L’hanno trasferito di corsa, alle 3 del pomeriggio, portandolo via dal reparto ortopedia del Policlinico Umberto I per una destinazione che doveva restare segreta. Invece, poche ore più tardi, le agenzie hanno battuto il nuovo rifugio di Daniele De Santis, ora di dominio pubblico, proprio come il primo: l’ospedale Belcolle di Viterbo, quello dove vengono assistiti anche i mafiosi in regime di 41 bis. Un reparto seminterrato blindato, con accessi selezionati (perfino quelli dei medici e degli inferismieri di turno), ospiterà l’ultrà romanista accusato di aver ucciso volontariamente Ciro Esposito. «Facciamo in modo di non avercelo sulla coscienza», si raccomanda uno dei suoi avvocati, Michele D’Urso, che con il collega Tommaso Politi, segue il cinquantenne. A questo punto rappresaglie e vendette sono più di semplici voci. Nelle settimane scorse a Napoli erano già comparse scritte contro De Santis e i tifosi giallorossi: «Ciro non faremo festa finché di Gastone non avremo la testa». Qualcuno aveva anche impiccato al Rione Sanità un manichino con la maglietta della Roma.
Mercoledì il legale non ha fatto in tempo – «Soltanto per un quarto d’ora» – a incontrare De Santis a Roma. La Penitenziaria l’aveva già portato via, poco dopo l’arrivo della salma di Ciro al vicino istituto di medicina legale della Sapienza dove stamattina verrà eseguita l’autopsia. Un atroce incrocio di destini.
«Probabilmente sa che Ciro è morto», spiega ancora D’Urso. Un infermiere, un altro ricoverato, il tam tam dell’ospedale, potrebbero avergli rivelato quello che – secondo il legale – «De Santis sperava non accadesse mai: non abbiamo mai affrontato l’argomento, lui non ha mai chiesto, non si è mai informato, anche se è ovvio che fosse dispiaciuto quando si rendeva conto che Ciro stava male e un po’ più sollevato quando intuiva che c’erano buone notizie». Ora tutto è crollato, il peggio è arrivato. Anche per lui. Dal 3 maggio scorso l’ultrà giallorosso vive piantonato a vista da un agente. Altri sono fuori dalla sua stanza. A Viterbo dovrebbe essere lo stesso. Poco più di mese dopo gli scontri a Tor di Quinto, il gip Giacomo Ebner aveva emesso un’ordinanza per far tornare De Santis all’Umberto I dopo un periodo trascorso nell’infermeria di Regina Coeli. Divieto di guardare la televisione, di leggere i giornali. Come in isolamento, e anche immobilizzato a letto. Uniche visite quelle dei genitori e del fratello.

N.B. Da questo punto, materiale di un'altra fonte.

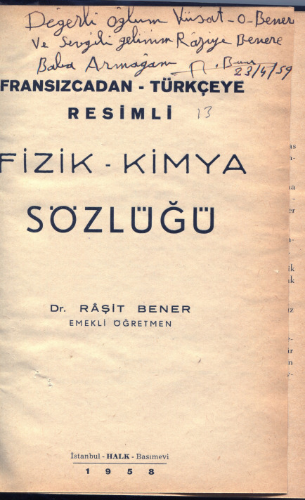 Raşit Bener - Fransızca'dan Türkçeye Resimli Fizik Kimya Sözlüğü

All’udienza di convalida, sempre in carcere, fu portato in barella. «Non ho sparato», disse al giudice. Da allora non ha più parlato. «Era sotto effetto di sedativi, in precarie condizioni di salute», aggiunge l’avvocato. «Non era in grado di alzarsi, come ancora oggi – spiega D’Urso -: l’infezione alla gamba fratturata quel pomeriggio è seria, ha rischiato un’altra operazione. All’Umberto I c’era un’apparecchiatura che lo faceva stare meglio e gli ha evitato l’intervento. Ora non sappiamo come andrà a finire».